Numbers and Destinations
James Gregory calculates decade-by-decade migration volumes in his book, The Southern Diaspora. Black migration picked up right from the start of the new century, with 204,000 leaving in the first decade. The pace accelerated with the outbreak of World War I and continued through the 1920s. By 1930, there were 1.3 million former southerners living in other regions.
The Great Depression wiped out job opportunities in the northern industrial belt, especially for African Americans, and caused a sharp reduction in migration, but a second and larger Great Migration began as defense industries geared up for World War II. 1.4 million black southerners moved north or west in the 1940s followed by 1.1 million in the 1950s and another 2.4 million others in the 1960s and 1970s. By the late 1970s, as deindustrialization and the rust belt crisis took hold, the Great Migration came to end.
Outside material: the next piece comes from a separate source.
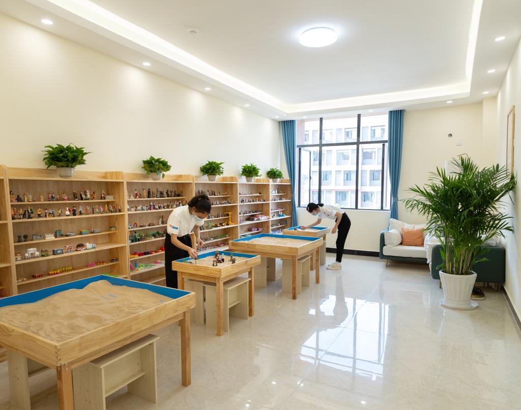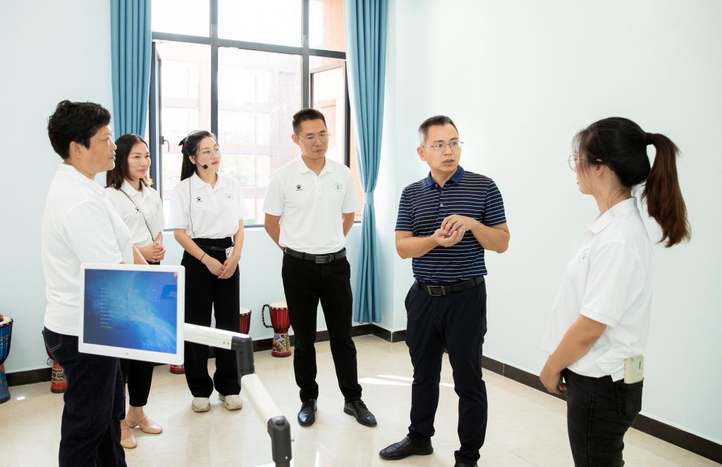 刘叶建回顾了学校心理健康教育中心的成长历史,介绍了新校区心理健康教育中心。中心新址位于日新楼A区二楼,占地500多平方米,拥有8个大小不一、功能各异的功能室,主要有个体咨询室、预约接待室、沙盘游戏室、VR虚拟室、情绪宣泄室、音乐放松室、团体辅导室、团体活动室,能满足学校各类心理健康教育、心理健康服务等需要。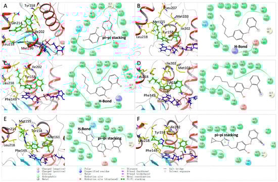To further identify hotspot residues for the binding of these inhibitors to InhA, residue energy decomposition was carried out. As shown in Figure 2, the residues with large energy contributions mainly included Phe149, Tyr158, Met161, Met199, Ile202 and Leu218. To analyze the relationship between the residue energy contribution and the binding mode, principal component analysis was performed, and the free energy landscapes were plotted based on the top two principal components (Figure S1). It can be seen that the conformational distribution of each system was relatively concentrated, tending to form a single conformational state. The structures located at the lowest energy well were selected as the representative conformations of each system and the detailed binding modes between them and InhA were shown in Figure 3. It can be seen that the residue Tyr158 can not only form pi–pi stacking with the benzene rings on TCL and PT501 molecules, but also form hydrogen bonds with the hydroxyl groups on PT70 and PT91 molecules. Therefore, the interaction between the residue Tyr158 and the inhibitor is very important for the binding of inhibitors. Moreover, the benzene rings and hydrophobic tails of TCL, PT70, PT91 and PT119 can also form van der Waals interactions with residues Phe149, Phe97, Met103, Met155, Tyr158, Met161, Met199 and Ile202. In the PT501 system, the N atom of the triazole ring can act as a hydrogen bond acceptor to form a hydrogen bond with Gln214. The triazole and cyclopropane substituent of PT501 protruded into the hydrophobic pocket formed by Met155, Leu217, Ile202, Ala157 and Pro156 (Figure 3E). The above residues were also critical to the binding of PT501 and InhA (Figure 2). The triazole ring of PT506 can form pi–pi stacking interaction with Phe149. In addition, the triazole ring and cyclopropane substituents also extended into the hydrophobic pocket formed by Met199, Val203, Leu218, Met155, Trp222, Ile202 and Pro193.

In the 1980s and 1990s more Black Americans were heading South than leaving that region.
Big cities were the principal destinations of southerners throughout the two phases of the Great Migration. In the first phase eight major cities attracted two-thirds of the migrants: New York and Chicago followed in order by Philadelphia, St. Louis, Detroit, Pittsburgh, Cleveland, and Indianapolis. The Second Great Migration increased the populations of these cities while adding others. West Coast cities (Los Angeles, San Francisco, Oakland, Seattle, Portland) now attracted African Americans in large numbers.